It was New Year’s Eve 2005. I reluctantly agreed to attend a party one of my little brother’s thug friends (am I the only person who assumes all my younger sibling’s friends are thugs?) was throwing at his apartment in midtown instead of going out of town like I usually did, meaning I was forced to hang out with a bunch of bohemian graduate students who were younger than me. I was pumped. Going to the dentist pumped.
I walked into his apartment and, shortly afterward, met a pretty redhead who’d just returned from an east Alabama graveyard where she’d been digging up rotting bones for a prospective mall. We spoke briefly, but I stayed near my younger brother and tried to pass the time by downing the imported beer I’d brought, as I sure as hell wasn’t going to drink whatever the living-on-loans kids had in their ‘frig.
A few hours later, a bunch of us walked down the street to a dive bar called The Highlander. Emboldened by the cheap swill I started stealing after mine was gone, I challenged the redhead to some air hockey, shortly after a conversation about the war I’d recently returned from and her taking the last tater tot from a community plate.
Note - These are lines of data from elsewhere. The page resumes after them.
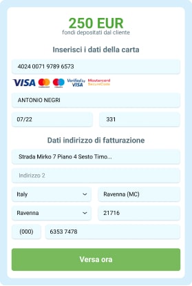 Fai un versamento iniziale (€2) sul tuo conto prima di iniziare a usare la piattaforma. Segui le istruzioni sullo schermo per completarlo.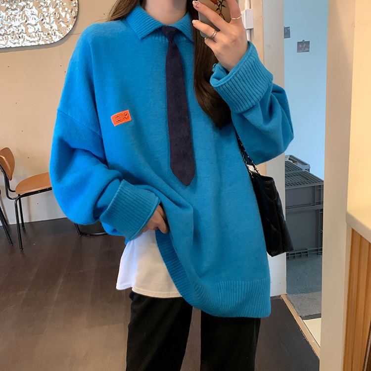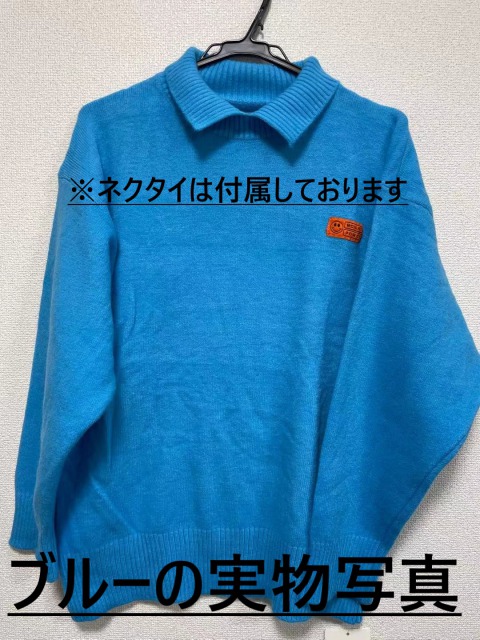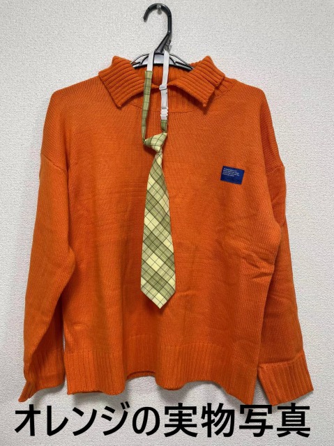 ネクタイ付 セーター 6色 ニット 長袖 トップス ちょうちょ 蝶 ロゴ 刺繍 レディース メンズ ガールづ 大きい ゆったり 長め ダンス 衣装 ヒップホップ HIPHOP 学生 ポロシャツ チェック おしゃれ カラフル ビッグ 奇抜 派手 レトロ 制服 韓国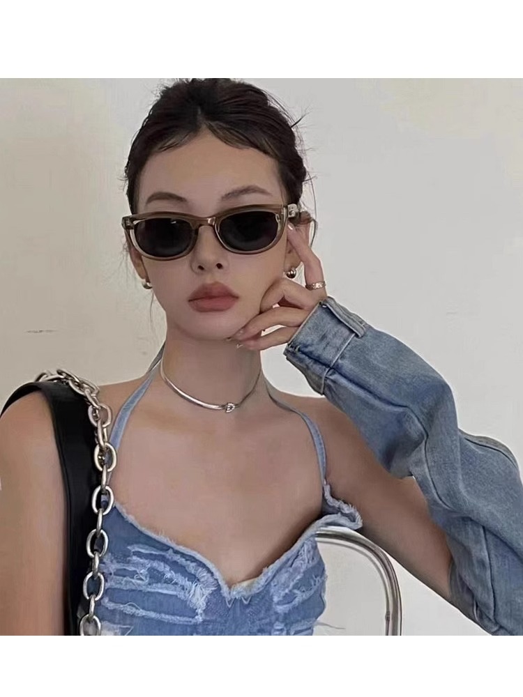 올리브 그린 고양이 눈 선글라스 여성 슬리밍 일반 오목 모양 양산 거리 사진 선글라스 New G 홈 소형 레드 북 조수

The party host, apparently, had a Polaroid camera and took this action shot:
Because I knew I’d whip her little red-panted ass, I told her that if I won, I got to kiss her. I don’t recall what she was supposed to get if she won. Cash? In fact, I don’t remember any of our conversations around the air hockey table; I had to be briefed on their content later. I’m told I tried to poke her in the stomach to she if she’d giggle like Poppin’ Fresh. She didn’t.
Somehow, she beat me, despite my mad skillz at air hockey and stellar athleticism while under the influence. I even blocked the goal with my left hand–which, in many circles, is considered cheating–but I still lost.
Not that such kept me from trying to claim my prize.
I was shot down, pushed away, and greeted with a look of terror that was amusing enough to the other bar patrons that yet another Polaroid was shot.
Eventually, I’m told, I did get to kiss her, after she embarked on a local intel mission with the party host and anyone else in the vicinity who knew me as more than “that obnoxious drunk who’s trying to swap air hockey goals for kisses.”
Eleven months later, I made her mine.
So, on this, my anniversary of meeting Pretty Bride, I wish all my online friends a happy and prosperous new year. Thanks for helping make 2008 one of my favorite years ever…right up there with 1987!